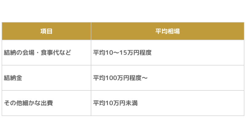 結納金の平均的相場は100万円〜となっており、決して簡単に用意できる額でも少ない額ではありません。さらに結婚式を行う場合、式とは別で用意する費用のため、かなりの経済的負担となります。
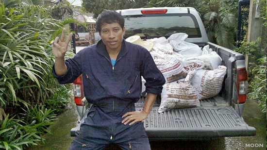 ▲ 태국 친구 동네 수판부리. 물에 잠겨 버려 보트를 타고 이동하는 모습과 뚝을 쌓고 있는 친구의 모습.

▬▬▬

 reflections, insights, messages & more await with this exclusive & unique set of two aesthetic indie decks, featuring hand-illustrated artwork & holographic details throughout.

▬▬▬

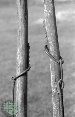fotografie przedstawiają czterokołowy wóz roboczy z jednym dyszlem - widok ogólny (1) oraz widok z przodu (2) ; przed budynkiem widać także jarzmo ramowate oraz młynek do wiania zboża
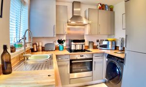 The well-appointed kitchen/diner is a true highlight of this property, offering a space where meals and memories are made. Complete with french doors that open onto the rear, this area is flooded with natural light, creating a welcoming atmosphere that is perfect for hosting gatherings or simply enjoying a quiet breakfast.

▬▬▬

EXERCISE GOAL: Every line from the one with "結納金の平均的相場は100万" through the one with "쌓고 있는 친구의 모습." is to be reproduced exactly as written above, and the pictures are to be dropped.

TASK SOLUTION:
 結納金の平均的相場は100万円〜となっており、決して簡単に用意できる額でも少ない額ではありません。さらに結婚式を行う場合、式とは別で用意する費用のため、かなりの経済的負担となります。
 ▲ 태국 친구 동네 수판부리. 물에 잠겨 버려 보트를 타고 이동하는 모습과 뚝을 쌓고 있는 친구의 모습.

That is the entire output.